The balance of work executed was derived from the residential and commercial sectors which contributed 28% and 18% toward revenue in the region respectively.
The Pearls Shore Apartments and the north tower of the Oceans Umhlanga Apartments made up the work within the residential sector.
A large commercial office development on the Umhlanga Ridge comprised activity from the commercial office sector.
In the Western Cape, commercial office and mixed-use developments comprised 42% of activity undertaken, residential and student accommodation developments comprised 27% and the hotel and education centre sectors contributed 10% and 9% respectively.

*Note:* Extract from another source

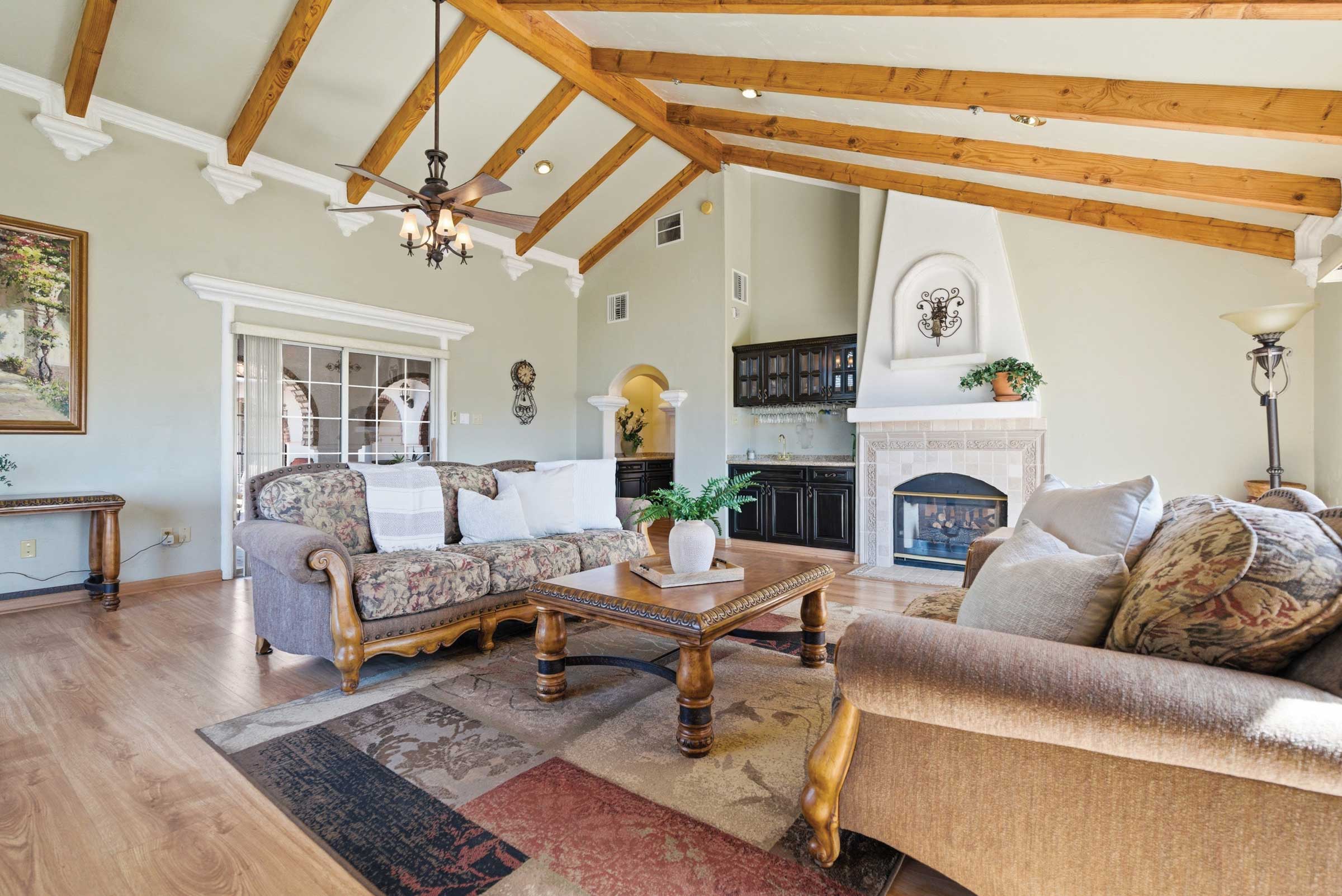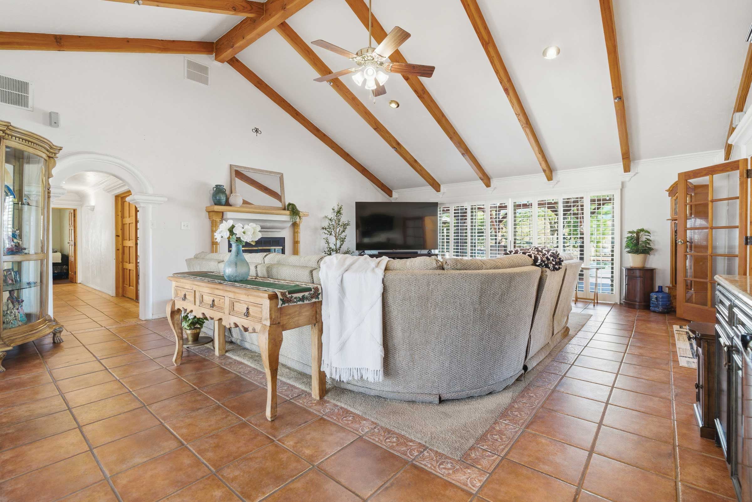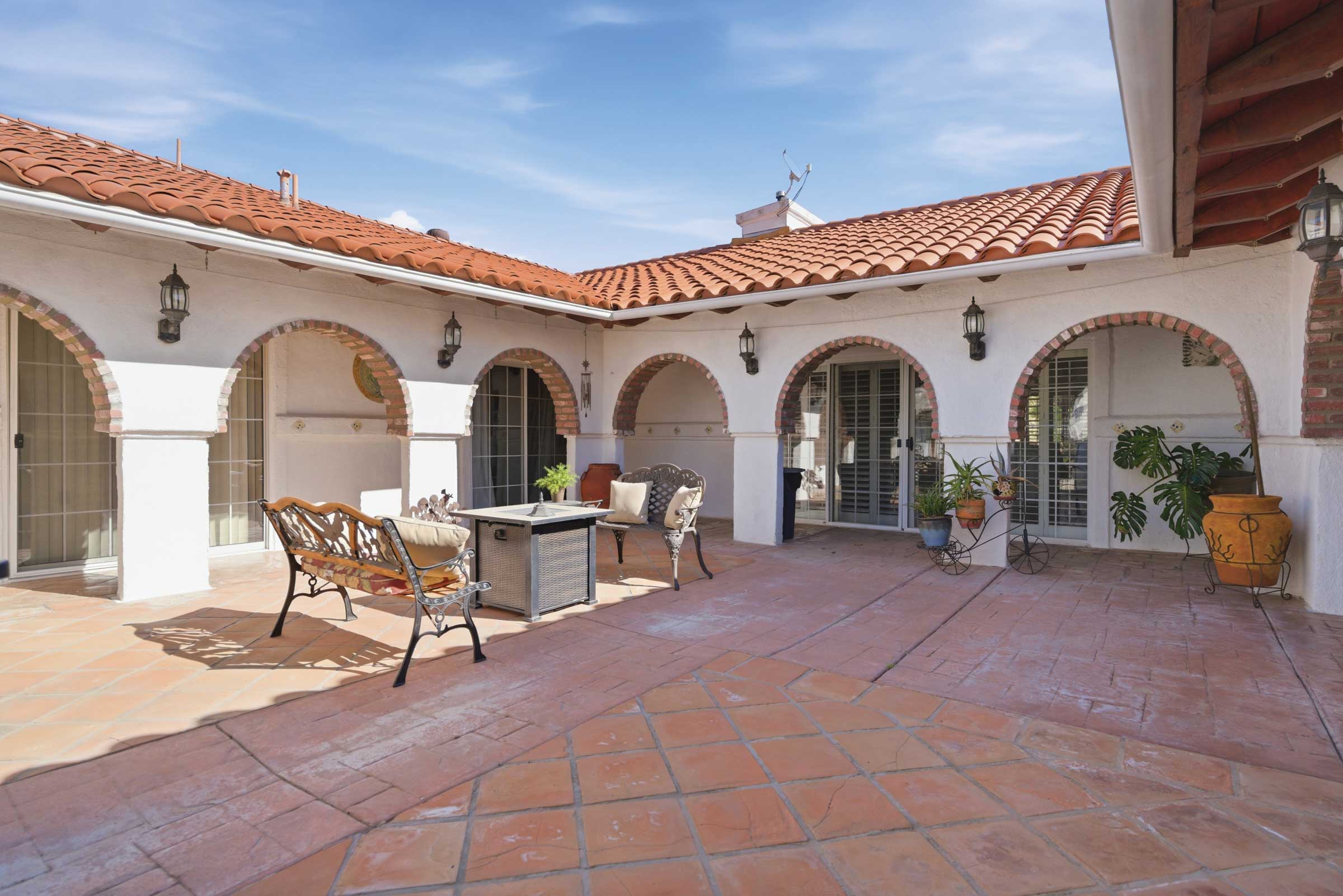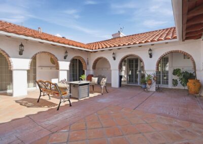 One of the property’s most inviting features is its private courtyard, a hallmark of classic hacienda design. This serene outdoor space enhances the connection between indoor and outdoor living, providing a perfect setting for quiet mornings, gatherings with friends, or simply enjoying the Southern California climate.

The Riverland and Century City precincts alongside the Victoria and Alfred (V&A) Waterfront continue to be strong sources of work, complemented by ad hoc projects in the Cape Town CBD and surrounding areas, as well as student accommodation developments in Stellenbosch.
Within the public sector, projects emanating from a framework for the Western Cape Education Departments have provided significant work in the region.
The division is also making good progress, together with teams from the Eastern Cape, on a new 222 bed hospital for Mediclinic in George.
In the Eastern Cape, industrial and warehouse developments dominated, with notable completions including a Shoprite warehouse and cold storage facility at Coega. In the rest of Africa, WBHO is making good progress on a new data centre in Accra, Ghana.
Civil Engineering and Roads
WBHO’s Roads and Earthworks division continued its upward trajectory, achieving a 19% increase in revenue over the reporting period. Revenue from South Africa alone grew by 25%, while the rest of Africa contributed 30% of total revenue.
This growth was driven by strong order book levels and significant infrastructure projects across South Africa and other African markets.
In addition, WBHO’s Civil Engineering division remained steady, with traditional civil engineering markets showing stable results. Notable projects included the completion of the Two Rivers Platinum Mine construction.
The division also benefited from growth in renewable energy projects, which are expected to continue to play a larger role in future revenues.
Looking ahead, WBHO’s order book has expanded by 7% to R32.6 billion, with strong contributions from the Roads and Earthworks division and a promising uptick in the UK order book.
The company anticipates that building activity in the Western Cape and KZN will remain buoyant in the short term, with notable prospects in residential and mixed-use developments.
In Gauteng, WBHO is targeting opportunities in the education and healthcare sectors, as well as new data centre projects.
The company also has its sights set on major projects in Botswana, Eswatini, and the Eastern Cape, where recent awards in healthcare and hotel sectors are expected to drive future growth.